Четыре крыла Земли
Шрифт:
Глава последняя
Даббе
Над наблусской долиной нависла туча. Тяжелая, жирная. Словно какое-то чудовище подмяло Шхем своим чугунным брюхом. На крышу сейчас не было смысла подниматься. Лучше через окно смотреть, как небо плетьми дождя сечет беззащитные здания. А вон там, на Кабире, где, словно змея Рубика, тянется Элон-Море с его белыми домиками, там просвет. Опять эти евреи выкрутились.

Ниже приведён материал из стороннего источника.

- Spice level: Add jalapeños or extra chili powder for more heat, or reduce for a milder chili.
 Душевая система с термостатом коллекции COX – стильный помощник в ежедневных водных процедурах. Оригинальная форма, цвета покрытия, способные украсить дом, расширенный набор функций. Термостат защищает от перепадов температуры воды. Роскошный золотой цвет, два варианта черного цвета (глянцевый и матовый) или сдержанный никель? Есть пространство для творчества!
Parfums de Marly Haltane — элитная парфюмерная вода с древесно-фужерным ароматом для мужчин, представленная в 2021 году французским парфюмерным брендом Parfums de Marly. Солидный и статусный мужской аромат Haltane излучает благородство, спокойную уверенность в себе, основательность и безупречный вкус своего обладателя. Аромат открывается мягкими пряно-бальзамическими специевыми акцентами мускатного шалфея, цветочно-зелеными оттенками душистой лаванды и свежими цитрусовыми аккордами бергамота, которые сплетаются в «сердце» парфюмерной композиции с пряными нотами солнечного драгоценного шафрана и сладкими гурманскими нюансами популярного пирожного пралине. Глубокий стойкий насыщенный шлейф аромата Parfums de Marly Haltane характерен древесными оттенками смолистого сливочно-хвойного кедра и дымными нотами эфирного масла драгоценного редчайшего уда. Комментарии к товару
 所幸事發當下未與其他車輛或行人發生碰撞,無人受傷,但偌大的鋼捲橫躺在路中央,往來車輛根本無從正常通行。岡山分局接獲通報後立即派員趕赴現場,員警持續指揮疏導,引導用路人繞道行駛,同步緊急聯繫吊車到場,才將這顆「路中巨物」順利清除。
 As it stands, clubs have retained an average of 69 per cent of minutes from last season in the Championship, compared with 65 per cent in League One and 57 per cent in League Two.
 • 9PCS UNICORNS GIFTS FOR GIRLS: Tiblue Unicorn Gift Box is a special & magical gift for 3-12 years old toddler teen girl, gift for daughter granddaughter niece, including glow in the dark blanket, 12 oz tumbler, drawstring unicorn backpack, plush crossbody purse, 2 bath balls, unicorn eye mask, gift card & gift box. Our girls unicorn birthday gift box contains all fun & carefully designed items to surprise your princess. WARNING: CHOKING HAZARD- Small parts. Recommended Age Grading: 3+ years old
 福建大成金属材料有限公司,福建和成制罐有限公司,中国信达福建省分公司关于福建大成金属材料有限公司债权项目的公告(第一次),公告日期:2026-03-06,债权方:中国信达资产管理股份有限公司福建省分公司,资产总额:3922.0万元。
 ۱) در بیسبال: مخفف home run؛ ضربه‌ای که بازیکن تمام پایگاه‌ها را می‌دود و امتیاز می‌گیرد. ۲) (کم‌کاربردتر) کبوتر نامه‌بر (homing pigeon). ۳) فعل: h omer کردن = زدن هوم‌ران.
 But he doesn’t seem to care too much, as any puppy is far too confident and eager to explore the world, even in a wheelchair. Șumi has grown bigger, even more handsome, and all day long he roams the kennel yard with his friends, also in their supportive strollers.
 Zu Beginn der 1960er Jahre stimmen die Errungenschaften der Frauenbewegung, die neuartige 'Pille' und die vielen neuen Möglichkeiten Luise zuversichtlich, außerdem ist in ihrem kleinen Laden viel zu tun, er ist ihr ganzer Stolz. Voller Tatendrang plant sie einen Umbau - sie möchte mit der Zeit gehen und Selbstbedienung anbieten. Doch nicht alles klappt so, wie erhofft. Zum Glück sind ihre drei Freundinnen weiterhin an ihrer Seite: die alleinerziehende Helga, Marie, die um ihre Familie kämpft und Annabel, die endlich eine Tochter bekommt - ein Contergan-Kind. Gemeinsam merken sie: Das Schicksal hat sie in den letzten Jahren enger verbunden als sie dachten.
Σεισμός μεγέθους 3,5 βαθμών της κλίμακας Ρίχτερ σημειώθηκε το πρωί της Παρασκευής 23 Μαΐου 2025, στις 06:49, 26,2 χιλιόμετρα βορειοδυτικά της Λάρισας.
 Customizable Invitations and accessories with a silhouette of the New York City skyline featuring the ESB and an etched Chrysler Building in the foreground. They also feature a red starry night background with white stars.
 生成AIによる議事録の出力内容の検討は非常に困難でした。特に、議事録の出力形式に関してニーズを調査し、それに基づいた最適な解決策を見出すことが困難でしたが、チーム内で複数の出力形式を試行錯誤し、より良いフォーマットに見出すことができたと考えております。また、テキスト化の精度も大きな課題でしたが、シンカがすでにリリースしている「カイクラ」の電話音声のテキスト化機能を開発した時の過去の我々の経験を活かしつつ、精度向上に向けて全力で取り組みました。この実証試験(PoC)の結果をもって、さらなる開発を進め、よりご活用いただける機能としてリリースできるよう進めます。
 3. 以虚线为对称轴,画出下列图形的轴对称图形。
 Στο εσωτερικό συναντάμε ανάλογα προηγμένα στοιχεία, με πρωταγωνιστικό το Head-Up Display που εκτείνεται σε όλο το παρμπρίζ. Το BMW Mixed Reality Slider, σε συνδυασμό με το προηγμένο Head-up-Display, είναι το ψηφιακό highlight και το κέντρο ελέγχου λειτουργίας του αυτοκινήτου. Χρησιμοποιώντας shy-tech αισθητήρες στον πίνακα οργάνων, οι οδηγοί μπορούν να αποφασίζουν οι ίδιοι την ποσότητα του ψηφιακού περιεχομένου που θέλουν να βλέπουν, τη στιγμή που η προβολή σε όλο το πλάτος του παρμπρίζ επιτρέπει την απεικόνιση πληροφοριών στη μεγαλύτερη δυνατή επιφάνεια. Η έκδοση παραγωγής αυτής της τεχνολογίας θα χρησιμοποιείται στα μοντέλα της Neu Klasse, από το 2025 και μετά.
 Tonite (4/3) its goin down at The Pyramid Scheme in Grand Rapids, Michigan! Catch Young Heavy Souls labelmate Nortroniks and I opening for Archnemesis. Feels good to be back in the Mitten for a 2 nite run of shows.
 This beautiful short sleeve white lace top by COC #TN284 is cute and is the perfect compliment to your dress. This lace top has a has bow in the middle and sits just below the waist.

Даббе обнаружил, что еще держит в руках пульт от телевизора, который минуту назад выключил после того, как посмотрел новости и узнал обо всем – и о поражении «Мучеников», и о том, что начали восстанавливать Канфей-Шомрон, и о разоблачении Йорама Кацира и Абдаллы Таамри. На этих двоих ему наплевать, а восстановление поселений пока еще штука проблематичная. Момент они, конечно, выбрали правильный, только вряд ли что-то выйдет
Какая гениальная мысль: захват поселения Канфей-Шомрон – скорый и неизбежный приход ХАМАСа к власти, а вслед за тем – бесконечная война, которую Израиль выиграть не сможет, и, растеряв все духовные свои подпорки, как то: религия, сионизм, патриотизм – в какой-то момент просто начнет разваливаться.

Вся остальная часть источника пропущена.